Transcribe the records underneath word for word, and leave no line out.

=== Begin Enclosure ===

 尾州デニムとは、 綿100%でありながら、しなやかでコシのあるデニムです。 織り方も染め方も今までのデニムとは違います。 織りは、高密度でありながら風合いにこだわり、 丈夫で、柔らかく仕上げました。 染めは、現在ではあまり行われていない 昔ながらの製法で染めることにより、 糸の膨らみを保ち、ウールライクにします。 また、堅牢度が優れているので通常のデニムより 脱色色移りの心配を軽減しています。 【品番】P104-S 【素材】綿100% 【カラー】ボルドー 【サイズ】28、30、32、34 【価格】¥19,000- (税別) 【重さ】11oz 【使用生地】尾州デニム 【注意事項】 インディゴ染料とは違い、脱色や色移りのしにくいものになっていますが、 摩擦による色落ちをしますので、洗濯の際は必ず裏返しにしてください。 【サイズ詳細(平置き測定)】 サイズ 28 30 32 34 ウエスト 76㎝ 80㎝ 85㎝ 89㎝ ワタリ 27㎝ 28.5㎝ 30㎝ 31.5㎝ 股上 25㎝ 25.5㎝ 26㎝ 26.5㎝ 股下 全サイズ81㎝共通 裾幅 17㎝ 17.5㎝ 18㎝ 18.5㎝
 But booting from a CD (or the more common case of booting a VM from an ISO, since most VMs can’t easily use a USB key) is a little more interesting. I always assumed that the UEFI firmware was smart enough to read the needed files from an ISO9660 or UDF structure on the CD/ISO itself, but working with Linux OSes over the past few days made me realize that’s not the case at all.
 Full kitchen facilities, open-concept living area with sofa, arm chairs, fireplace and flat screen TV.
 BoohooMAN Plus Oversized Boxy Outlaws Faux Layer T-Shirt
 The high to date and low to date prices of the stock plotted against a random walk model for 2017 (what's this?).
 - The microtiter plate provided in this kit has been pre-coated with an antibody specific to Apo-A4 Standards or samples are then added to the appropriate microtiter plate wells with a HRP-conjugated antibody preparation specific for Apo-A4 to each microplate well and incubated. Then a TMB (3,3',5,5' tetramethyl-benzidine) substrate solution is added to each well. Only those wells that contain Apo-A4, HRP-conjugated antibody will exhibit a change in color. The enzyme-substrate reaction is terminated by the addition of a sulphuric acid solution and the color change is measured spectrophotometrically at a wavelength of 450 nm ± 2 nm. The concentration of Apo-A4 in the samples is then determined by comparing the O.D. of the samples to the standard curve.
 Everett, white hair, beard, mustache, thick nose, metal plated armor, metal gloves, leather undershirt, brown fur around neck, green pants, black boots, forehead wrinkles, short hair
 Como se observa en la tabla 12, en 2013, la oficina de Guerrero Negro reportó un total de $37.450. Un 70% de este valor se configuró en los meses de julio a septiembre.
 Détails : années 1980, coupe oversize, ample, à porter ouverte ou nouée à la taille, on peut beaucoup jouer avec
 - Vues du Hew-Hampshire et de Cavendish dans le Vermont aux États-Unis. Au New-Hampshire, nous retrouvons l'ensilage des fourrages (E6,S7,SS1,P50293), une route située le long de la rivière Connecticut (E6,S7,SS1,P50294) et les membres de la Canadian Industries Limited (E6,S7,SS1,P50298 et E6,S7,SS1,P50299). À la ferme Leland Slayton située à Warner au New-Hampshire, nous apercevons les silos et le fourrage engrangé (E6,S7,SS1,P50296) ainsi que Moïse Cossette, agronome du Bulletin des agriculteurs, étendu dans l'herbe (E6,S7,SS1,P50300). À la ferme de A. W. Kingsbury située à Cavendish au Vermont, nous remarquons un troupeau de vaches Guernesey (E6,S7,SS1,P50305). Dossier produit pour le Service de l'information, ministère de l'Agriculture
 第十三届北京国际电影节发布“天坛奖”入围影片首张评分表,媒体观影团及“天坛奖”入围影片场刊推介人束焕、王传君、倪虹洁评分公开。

=== End Enclosure ===

> [RESULT FOR THIS TASK]
 尾州デニムとは、 綿100%でありながら、しなやかでコシのあるデニムです。 織り方も染め方も今までのデニムとは違います。 織りは、高密度でありながら風合いにこだわり、 丈夫で、柔らかく仕上げました。 染めは、現在ではあまり行われていない 昔ながらの製法で染めることにより、 糸の膨らみを保ち、ウールライクにします。 また、堅牢度が優れているので通常のデニムより 脱色色移りの心配を軽減しています。 【品番】P104-S 【素材】綿100% 【カラー】ボルドー 【サイズ】28、30、32、34 【価格】¥19,000- (税別) 【重さ】11oz 【使用生地】尾州デニム 【注意事項】 インディゴ染料とは違い、脱色や色移りのしにくいものになっていますが、 摩擦による色落ちをしますので、洗濯の際は必ず裏返しにしてください。 【サイズ詳細(平置き測定)】 サイズ 28 30 32 34 ウエスト 76㎝ 80㎝ 85㎝ 89㎝ ワタリ 27㎝ 28.5㎝ 30㎝ 31.5㎝ 股上 25㎝ 25.5㎝ 26㎝ 26.5㎝ 股下 全サイズ81㎝共通 裾幅 17㎝ 17.5㎝ 18㎝ 18.5㎝
 But booting from a CD (or the more common case of booting a VM from an ISO, since most VMs can’t easily use a USB key) is a little more interesting. I always assumed that the UEFI firmware was smart enough to read the needed files from an ISO9660 or UDF structure on the CD/ISO itself, but working with Linux OSes over the past few days made me realize that’s not the case at all.
 Full kitchen facilities, open-concept living area with sofa, arm chairs, fireplace and flat screen TV.
 BoohooMAN Plus Oversized Boxy Outlaws Faux Layer T-Shirt
 The high to date and low to date prices of the stock plotted against a random walk model for 2017 (what's this?).
 - The microtiter plate provided in this kit has been pre-coated with an antibody specific to Apo-A4 Standards or samples are then added to the appropriate microtiter plate wells with a HRP-conjugated antibody preparation specific for Apo-A4 to each microplate well and incubated. Then a TMB (3,3',5,5' tetramethyl-benzidine) substrate solution is added to each well. Only those wells that contain Apo-A4, HRP-conjugated antibody will exhibit a change in color. The enzyme-substrate reaction is terminated by the addition of a sulphuric acid solution and the color change is measured spectrophotometrically at a wavelength of 450 nm ± 2 nm. The concentration of Apo-A4 in the samples is then determined by comparing the O.D. of the samples to the standard curve.
 Everett, white hair, beard, mustache, thick nose, metal plated armor, metal gloves, leather undershirt, brown fur around neck, green pants, black boots, forehead wrinkles, short hair
 Como se observa en la tabla 12, en 2013, la oficina de Guerrero Negro reportó un total de $37.450. Un 70% de este valor se configuró en los meses de julio a septiembre.
 Détails : années 1980, coupe oversize, ample, à porter ouverte ou nouée à la taille, on peut beaucoup jouer avec
 - Vues du Hew-Hampshire et de Cavendish dans le Vermont aux États-Unis. Au New-Hampshire, nous retrouvons l'ensilage des fourrages (E6,S7,SS1,P50293), une route située le long de la rivière Connecticut (E6,S7,SS1,P50294) et les membres de la Canadian Industries Limited (E6,S7,SS1,P50298 et E6,S7,SS1,P50299). À la ferme Leland Slayton située à Warner au New-Hampshire, nous apercevons les silos et le fourrage engrangé (E6,S7,SS1,P50296) ainsi que Moïse Cossette, agronome du Bulletin des agriculteurs, étendu dans l'herbe (E6,S7,SS1,P50300). À la ferme de A. W. Kingsbury située à Cavendish au Vermont, nous remarquons un troupeau de vaches Guernesey (E6,S7,SS1,P50305). Dossier produit pour le Service de l'information, ministère de l'Agriculture
 第十三届北京国际电影节发布“天坛奖”入围影片首张评分表,媒体观影团及“天坛奖”入围影片场刊推介人束焕、王传君、倪虹洁评分公开。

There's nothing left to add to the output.